=== DATASET SECTION ===
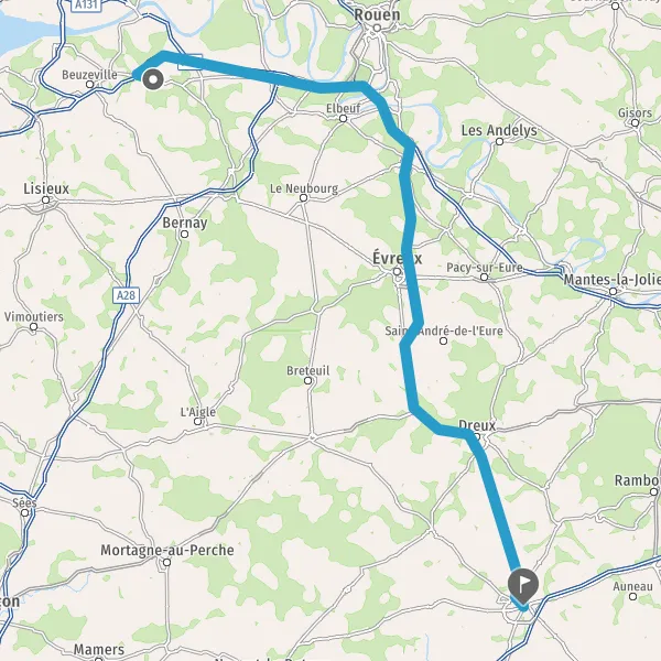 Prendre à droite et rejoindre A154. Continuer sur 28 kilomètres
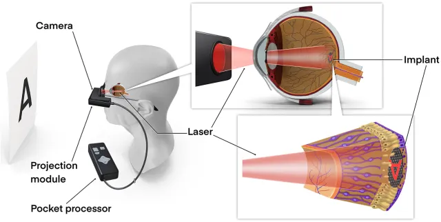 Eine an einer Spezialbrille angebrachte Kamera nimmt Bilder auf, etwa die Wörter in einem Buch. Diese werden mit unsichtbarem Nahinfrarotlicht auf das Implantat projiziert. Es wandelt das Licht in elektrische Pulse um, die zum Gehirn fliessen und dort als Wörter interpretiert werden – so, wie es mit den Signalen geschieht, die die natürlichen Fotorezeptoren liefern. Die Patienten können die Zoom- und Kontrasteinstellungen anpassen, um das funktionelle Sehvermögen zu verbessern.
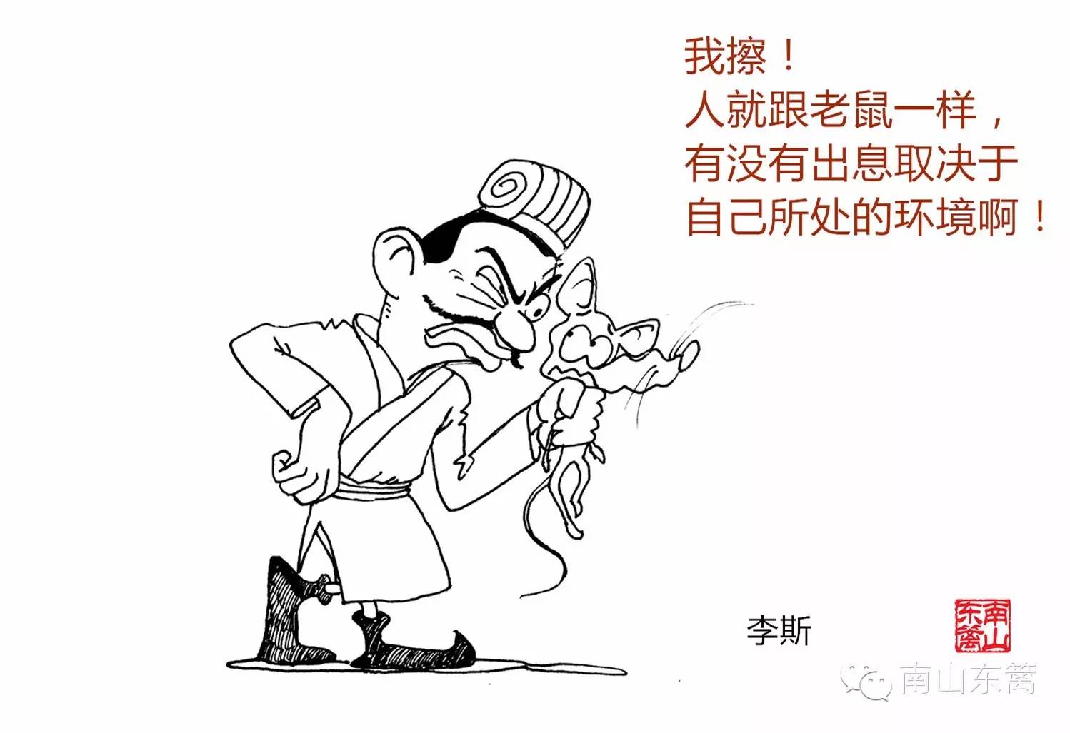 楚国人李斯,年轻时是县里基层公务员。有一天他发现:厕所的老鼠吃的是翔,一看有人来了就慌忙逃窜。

=== TASK PROMPT ===
Restate the listing above word for word and skip each picture.

=== YOUR SOLUTION ===
 Prendre à droite et rejoindre A154. Continuer sur 28 kilomètres
 Eine an einer Spezialbrille angebrachte Kamera nimmt Bilder auf, etwa die Wörter in einem Buch. Diese werden mit unsichtbarem Nahinfrarotlicht auf das Implantat projiziert. Es wandelt das Licht in elektrische Pulse um, die zum Gehirn fliessen und dort als Wörter interpretiert werden – so, wie es mit den Signalen geschieht, die die natürlichen Fotorezeptoren liefern. Die Patienten können die Zoom- und Kontrasteinstellungen anpassen, um das funktionelle Sehvermögen zu verbessern.
 楚国人李斯,年轻时是县里基层公务员。有一天他发现:厕所的老鼠吃的是翔,一看有人来了就慌忙逃窜。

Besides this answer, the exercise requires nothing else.